[Bioc-sig-seq] The "ranges" slot in the sread slot of an AlignedRead class
Nicolas Delhomme
delhomme at embl.de
Fri May 15 14:43:33 CEST 2009
Hi Martin, Hi all,
The following code does what I want quite nicely:
mrna.ranges<-RangedData(
IRanges(start=position(mrna.aln),width=width(mrna.aln)),
space = chromosome(mrna.aln),
universe = "dm3",
indices=unlist(sapply(levels(chromosome(mrna.aln)),function(chr)
{which(chromosome(mrna.aln)==chr)}),use.name=FALSE)
)
Out of my AlignedRead (mrna.aln), I create a RangedData which contains
the ranges splitted by chromosome and sorted into a RangesList. The
additional parameter: indices (the name is arbitrary) contains the
position of the corresponding read in the original mrna.aln object and
is stored in a SplitXDataFrame.
Best,
---------------------------------------------------------------
Nicolas Delhomme
High Throughput Functional Genomics Center
European Molecular Biology Laboratory
Tel: +49 6221 387 8426
Email: nicolas.delhomme at embl.de
Meyerhofstrasse 1 - Postfach 10.2209
69102 Heidelberg, Germany
---------------------------------------------------------------
On 13 May 2009, at 16:53, Martin Morgan wrote:
> Nicolas Delhomme <delhomme at embl.de> writes:
>
>> Hi Martin,
>>
>> That's what I thought; i was just curious to learn more. Thanks for
>> the details!
>>
>> I should have think of it, as I put it after the session info, that
>> most probably my second question will be invisible :-)
>>
>> I paste it here again:
>>
>>>
>>> And is there an easy way to create a RangesList from an AlignedRead
>>> object?
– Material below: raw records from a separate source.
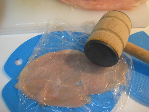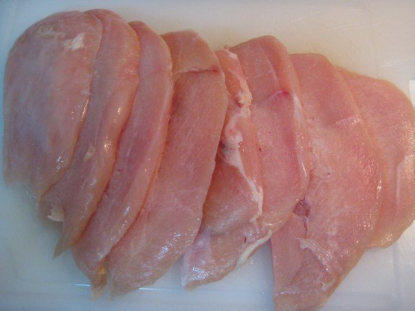 Куриное филе нарезать на тонкие пластинки, удобнее делать, когда немного подморожено.
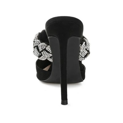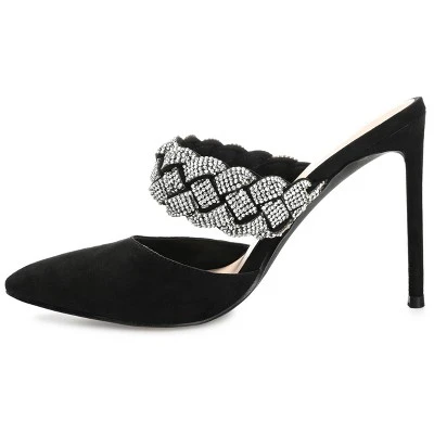In the Hazzl heels by Journee Collection, your certain to be the belle of the ball. The soft vegan leather and 4 mm Tru Comfort Foamâ„¢ insole on this pointed-toe heel will keep you on your feet no matter how late the party goes. A braided band with rhinestone details crowns the design for a glam finish. At Journee Collection, our pump styles will let you go from a fun night out with the girls to kicking back and relaxing at the end of the night without any trouble.
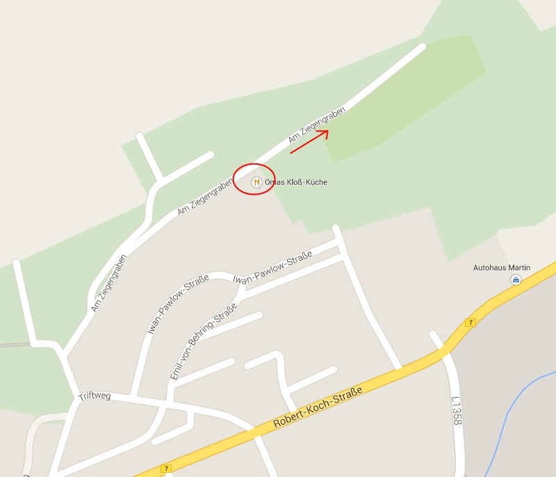 Ein kleiner Hinweis noch bezüglich parken. Direkt vor der Kloß-Küche sind nur fünf bis sechs Parkplätze vorhanden (je nachdem wie gut eingeparkt wird He He). Wer zu spät da ist muss den Weg noch paar Meter weiter fahren, Richtung Friedhof sind dann am Wegrand noch Parkplätze.
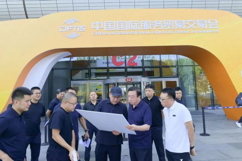 ▲董亦军(右四)在2023年中国国际服务贸易交易会,对交通服务保障工作进行现场踏勘。
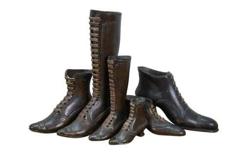 Set of six late 20th century Theodore Alexander bronze figurines in the shape of Victorian boots in a variety of heights and styles. Leather laces and pads on the soles.
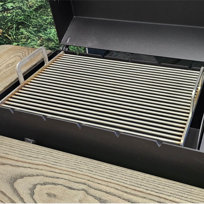 Pakettiin kuuluu: 2x grillihiililaatikko, Wok-pannun teline, 2x grilliritilä, ruostumatonta terästä
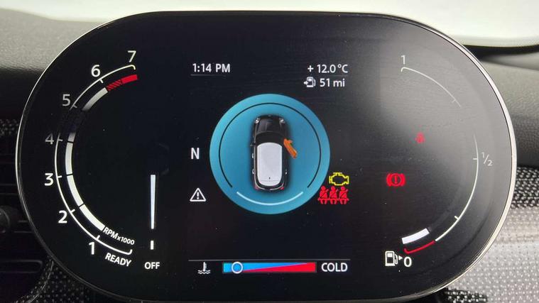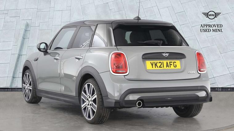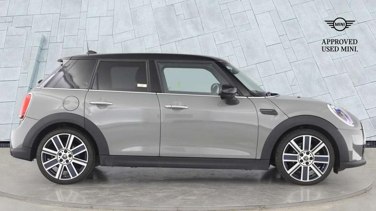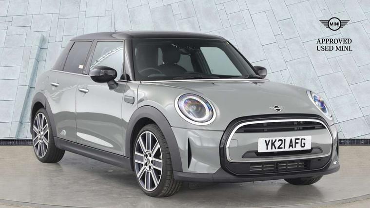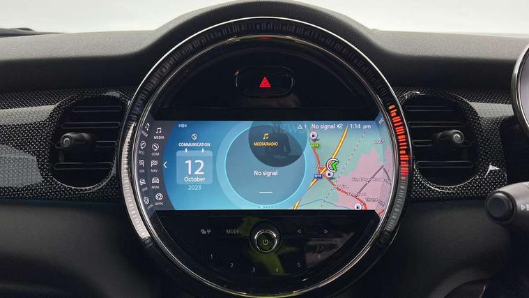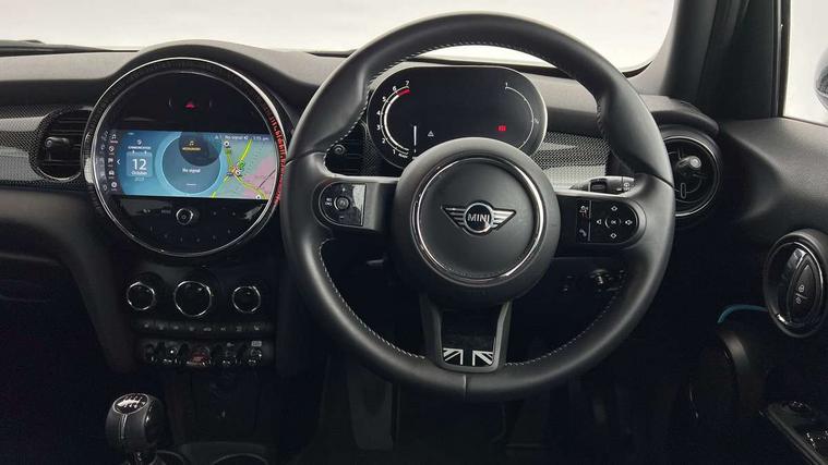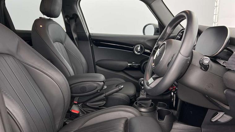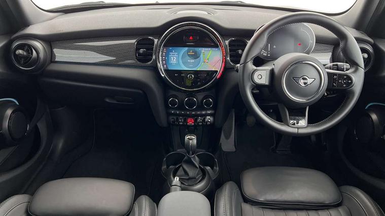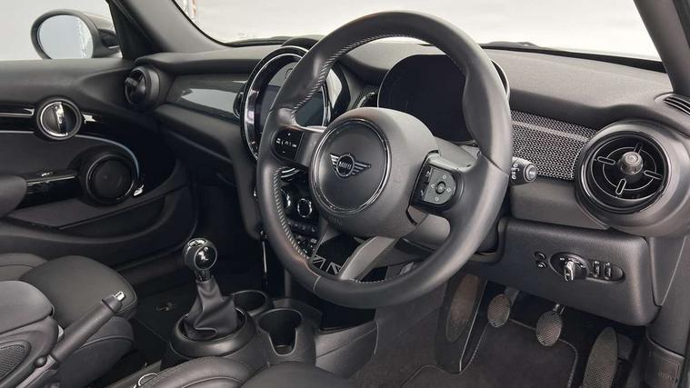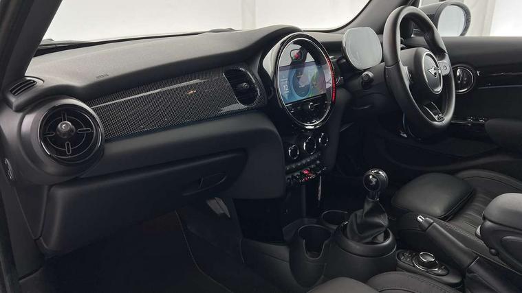Automatic start/stop function with brake energy recuperation, Compatible mobile phone bluetooth with audio streaming, Cruise control with brake assist, Electro-mechanical speed dependant steering assistance, Flexible car sharing preparation, Instrument cluster, MINI Driving Modes - centre toggle switch to control driving setting (sport, mid and green), Mini E-call, MINI TeleServices, On board computer, Rear park distance control, Service interval indicator, 6 Speed manual transmission including gear change indicator display, Double Vanos system, Fully variable valve control, High precision injection, Performance Control, 6 speakers in front door trims and underneath front seats, 8.8" touchscreen with LED ring, FM tuner and DAB digital radio, Automatic headlight activation switch, Body colour fuel filler cap, Chrome line exterior - radiator grille bars, tailgate handle, lower front grille grating and rear central fog-light, Dynamic brake lights, Electric front+rear windows, Heated rear window, Heated windscreen washer jets, LED headlight with closed ring and daytime driving lights, Metal door sill strips with MINI imprint, Model logo Cooper on right of tailgate, Rain sensor window wipers, Rear fog lights, Rear LED lights with union jack design, Rear window wiper, Side scuttle panel with integrated indicator, Sun/heat protection glass, White indicator lenses, 12V Accessory socket in centre console, 4 lashing eyes in luggage compartment, 60/40 split folding rear seat, Anthracite headliner including grab handles and clothes hooks, Carbon black colour line - Knee roll and door armrest, Chrome interior highlights, Chrome line interior - air vents, gear lever base, door handles and speakers in doors, Cupholders, Front and rear head restraints, Front and rear isofix with front passenger airbag deactivation, Glove compartment, Height and length steering column adjustment, Interior lighting with 12 different colours across the dashboard, underneath door bezel with illuminated laser-engraved design on central display, Leatherette gearshift lever and handbrake gaiters, LED reading lights, vanity mirror lights, front foot well light and spotlight on front seats, Manual air conditioning, Mechanical seat adjustment - forward/back & backrest for front seats and driver seat height adjust, MINI yours badge on exterior pillar, Multifunction steering wheel, Storage compartments in doors, Sunvisors with vanity mirrors, Tool kit, Velour floor mats, Walknappa leather steering wheel with grey seam and MINI Yours badge on Piano Black lower steering wheel spoke, 3 point seatbelts on all five seats, 6 Airbags - front, side, head and seat belt tensioners, Anti-lock braking system (ABS), DSC - Dynamic Stability Control, Front and rear disc brakes, Hill start assist, Single tone fanfare horn, Tyre pressure monitoring system, Alarm system with tilt sensor, monitoring doors, bonnet interior and tailgate, Electronic vehicle immobiliser, Start/stop toggle with keyless go,

I figured out how to do it, but I just want to be sure
>>> that I
>>> didn't miss it. If it doesn't exist, I think it would be a valuable
>>> addition and I could contribute the few lines of code.
>
> Sorry for missing that; I don't think there is anything built-in. We
> could exchange your code about introducing something off-list, if you
> like.
>
> Martin
>
>> Best wishes,
>>
>> ---------------------------------------------------------------
>> Nicolas Delhomme
>>
>> High Throughput Functional Genomics Center
>>
>> European Molecular Biology Laboratory
>>
>> Tel: +49 6221 387 8426
>> Email: nicolas.delhomme at embl.de
>> Meyerhofstrasse 1 - Postfach 10.2209
>> 69102 Heidelberg, Germany
>> ---------------------------------------------------------------
>>
>>
>>
>> On 13 May 2009, at 04:30, Martin Morgan wrote:
>>
>>> Hi Nicolas --
>>>
>>> Nicolas Delhomme <delhomme at embl.de> writes:
>>>
>>>> Hi all,
>>>>
>>>> Well the question is quite easy :-) What does this slot holds?
>>>> Because
>>>> it looks very different from the actual positions: i.e.
>>>>
>>>> these are the 10 first ranges
>>>>
>>>>> sread(aln.clean[chromosome(aln.clean)=="2R"])@ranges[1:10]
>>>
>>> It's internal to the way reads themselves are stored.
>>> sread(aln.clean)
>>> returns a DNAStringSet object, the ranges slot of a DNAStringSet
>>> points to offsets into a larger DNAString. As you show later, you
>>> want to use position(aln.clean) for alignment information.
>>>
>>> This representation is meant to be entirely internal to the class.
>>> The
>>> intention is that the user manipulate objects with defined functions
>>> and methods (like position()). Of course the user can get at the
>>> contents of slots with @, but there are no guarantees about what
>>> will
>>> be there if the user does this!.
>>>
>>> Martin
>>>
>>>
>>>> IRanges object:
>>>> start end width
>>>> [1] 4141 4176 36
>>>> [2] 4177 4212 36
>>>> [3] 4357 4392 36
>>>> [4] 4465 4500 36
>>>> [5] 5113 5148 36
>>>> [6] 5365 5400 36
>>>> [7] 5401 5436 36
>>>> [8] 6049 6084 36
>>>> [9] 6301 6336 36
>>>> [10] 6373 6408 36
>>>>
>>>> and these are the 10 first positions
>>>>
>>>>> position(aln.clean[chromosome(aln.clean)=="2R"])[1:10]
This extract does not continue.